Henry Pohl recalls some special cases of Faget feedback. “I remember I was making a briefing to him, and he told me, ‘Now Henry, it’s like a dark wool suit. [Your presentation] gives you a nice warm feeling, but nobody really notices it.’ ” Another time, Pohl was describing a new method for the small control thrusters, one that would save the Apollo spacecraft some valuable weight. “Now Henry,” Faget said. “You’re picking at cabbage.”
“Well, I knew I [had] lost him,” Pohl says. “Cabbage was plentiful and he was trying to tell me that [the idea] was not significant.” He pauses. “It’s a good thing, too.” Pohl’s idea, in this rare case, had been fundamentally flawed.40
In 1964, a major new residential development was underway in Clear Lake, but more immediate housing options were still limited for transplanted or newly hired engineers and their families. While a number of the Langley personnel had settled well west of the center, in Friendswood, Texas, others had settled to the south.
The Faget family opted for a home on Dickinson Bayou. “He basically designed the house himself,” Max Faget’s daughter Ann recalls. “With some unique features.” For instance, “there was a long hallway to the bedrooms and at the end of the hallway, he had a little plug in the foundation, covered with carpet. But you could lift it up and there was a little [golf] hole so he could practice putting.” His daughter Carol says their fathe
r built a bulkhead against the bayou in the late 1960s, to protect their yard from erosion. (The home is still in the Faget family, and while the bulkhead has held up beautifully for half a century, the floods of Hurricane Harvey overran the house in 2017.) Max had always loved being on the water. In the new home, he designed his own sailboats for local racing competitions, and he built his son, Guy, a little boat for exploring the bayou.41
My parents purchased a parcel of an old pecan orchard, about seven miles south of the new NASA center. Like the Fagets, they settled into a formerly working-class environment. The school buses mixed a few NASA kids with children of shrimp fishermen, mechanics, petrochemical technicians, and migrant field workers. In the years to come, most families of the space race inhabited the new developments around Clear Lake or other sprouting suburbs. Like Huntsville, the southern reaches of Houston experienced an abrupt cultural lurch—in terms of schooling and average income, as well as accents and traditions. But broader shifts were afoot.
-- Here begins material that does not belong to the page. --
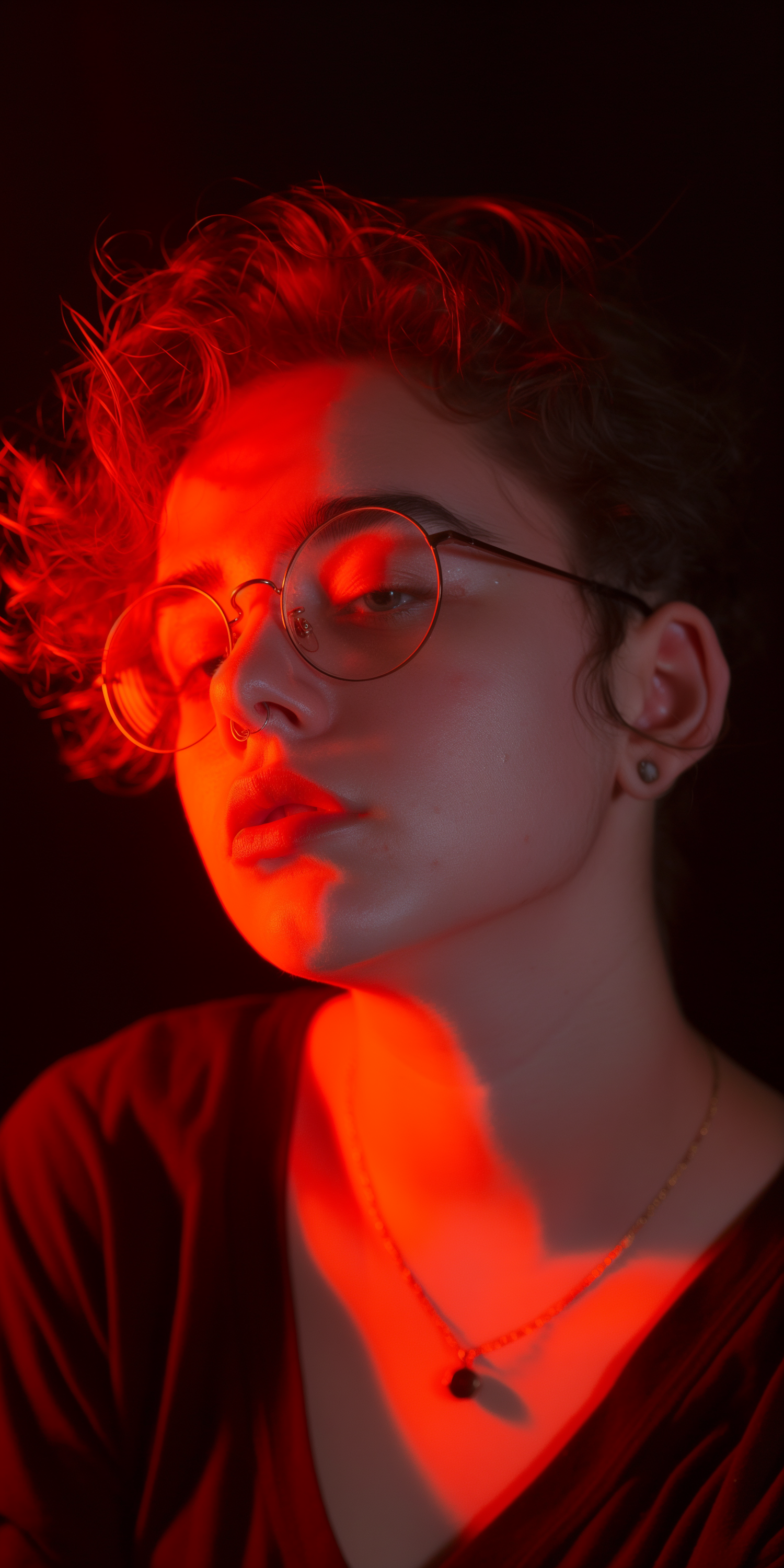Portrait of a person with glasses and red lighting, creating dramatic shadows and highlighting facial features against a dark background.

The new president, Lyndon Johnson, accelerated an upbeat, progressive agenda. His Earthside projects included his Great Society programs. Meanwhile, he and Congress continued to increase NASA’s budget, which surpassed five billion dollars for the year (over 4 percent of the total federal budget). The White House banked on the economy sustaining incredible growth, printing more and more money for ambitious projects.